We have not yet received your second letter. Hopefully, it’ll arrive this week. Conditions have taken a catastrophic turn here. Notice that this letter cost 15 million cash; it will be 30 million beginning the day after tomorrow—and this price will most likely last a mere two days at most. Now you can get things done only with billions. To ensure that next week’s payroll will keep its value, the boys bought dollars on Friday at the (ridiculous!!) exchange rate of 1.5 billion to 1, and they’ll re-sell them on Thursday in order to pay people. For the time being, this week’s pay will be 8 billion, though we’ve had negotiations today because the workers are demanding twice that much.
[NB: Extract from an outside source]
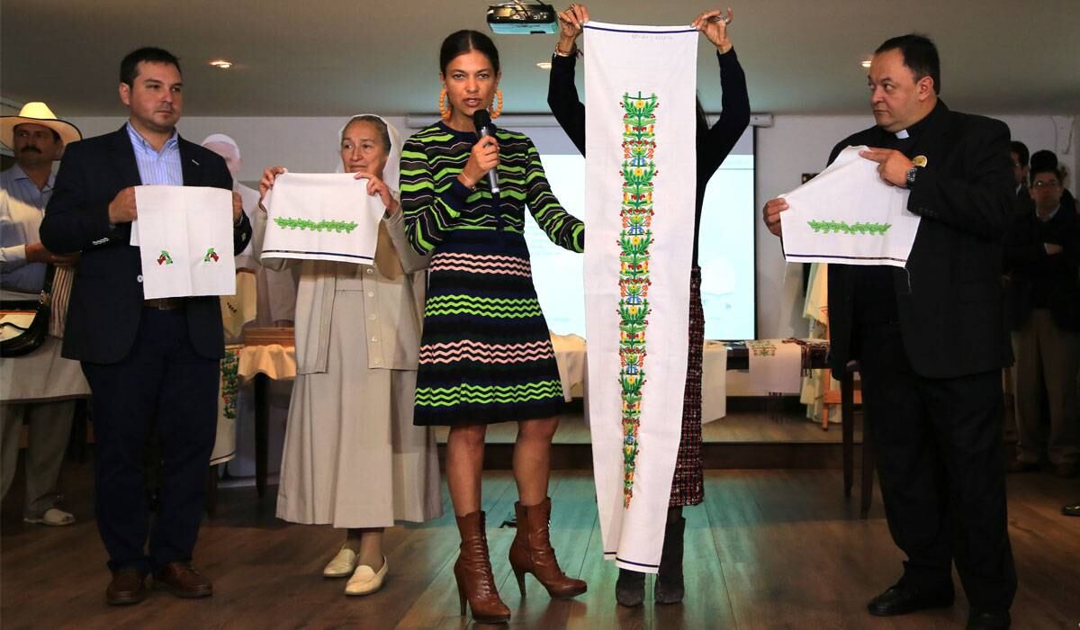 Así, la periodista experta en moda, Pilar Castaño y la afamada diseñadora de joyas y accesorios Mercedes Salazar se encargaron de traducir en piezas exquisitamente elaboradas (y asimismo cargadas de simbología) los conceptos de identidad del país en las casullas, mitras, estolas y otros elementos que conforman las vestimentas usadas por el papa en los oficios religiosos a través de diversas técnicas ancestrales.

The bread ration card has been done away with, and a normal loaf of bread now costs 540 million; tomorrow, surely twice as much. The streetcar fare is 20 million (tomorrow it’ll be 50!). My God, you probably don’t have faintest notion of this million-fold witches’ Sabbath. You must know that we send women’s magazines to Frau Jacques Meyer. A few days ago her husband sent us a bank check for over 5 million. When we went to the bank here in Berlin to pick it up, it cost 40 million in transfer fees! I ask myself if the neighboring Swiss are indeed so ignorant of our circumstances, or if they just act that way! This small anecdote can illuminate everything. If throughout the world there is such little understanding of our plight, how can we expect that anyone will come to our aid? It seems inevitable that we will lose the Rhine and the Ruhr, that Bavaria will break away, and that Germany will once again fall apart into minuscule petty states. []

The Communists made their weekly visit to Erich’s. Little Edith was delightful and charming.

She explained to everyone how she went to the hairdresser on Monday to have her hair washed and her bobbed hair set. Werner said that she would take dance lessons and attend a charm school and that he would look for a better apartment, but that he first wanted to wait for the revolution (planned for November 10!). They and his friends had to go to lunch. They ate a rabbit for 1.75 billion. Erich mentioned to me how extremely amusing, but also quite pathetic, it was to hear those politicians speak.

Kisses, Mum

Berlin, October 23, 1923

My dear child,

Your letter from the ninth brought enormous joy. We no longer have to worry, now that you’ve set yourself up by obtaining a position and a certain degree of satisfaction. It’s an incomparable stroke of luck to earn a living by doing what is also the substance and aim of your life. Thus, our warmest congratulations! Anyway, dealing with books is far preferable to dealing with other people: books—unlike humans—mostly give reasonable answers when queried. []

It’s lucky we’re in the business of printing money. Once again, we have 130 workers. With the exception of the money presses, the few customers able to pay such fantastic prices do not require much effort. By contrast, the boys are busy day and night with the money transactions. They are now more bankers than book publishers. They have to watch like a hawk in order to plan properly and to prevent the billions of paper marks, which are now their business, from disappearing into thin air. You can’t imagine how things have become! In three days the dollar has gone from 10 billion, to 18.5 billion, to 40. Bread: 900 million, 2.5 billion, 5.5 billion. The collapse has been total. Here and there plundering has flared up, but not much. The despairing women are far too weary; they put up with everything. Until now there has been no unrest, though for weeks we’ve expected it to break out at any time. []

Kisses, Mum

Source: Gershom Scholem, A Life in Letters, 1914–1982. Ed. and trans. Anthony David Skinner. Cambridge: Harvard University Press, 2002, pp. 125–27.

Source of original German text: Betty Scholem and Gershom Scholem, Mutter und Sohn im Briefwechsel 1917–1946. Edited by Itta Shedletzky with Thomas Sparr. Munich: Verlag C.H. Beck, 1989, pp. 84–89.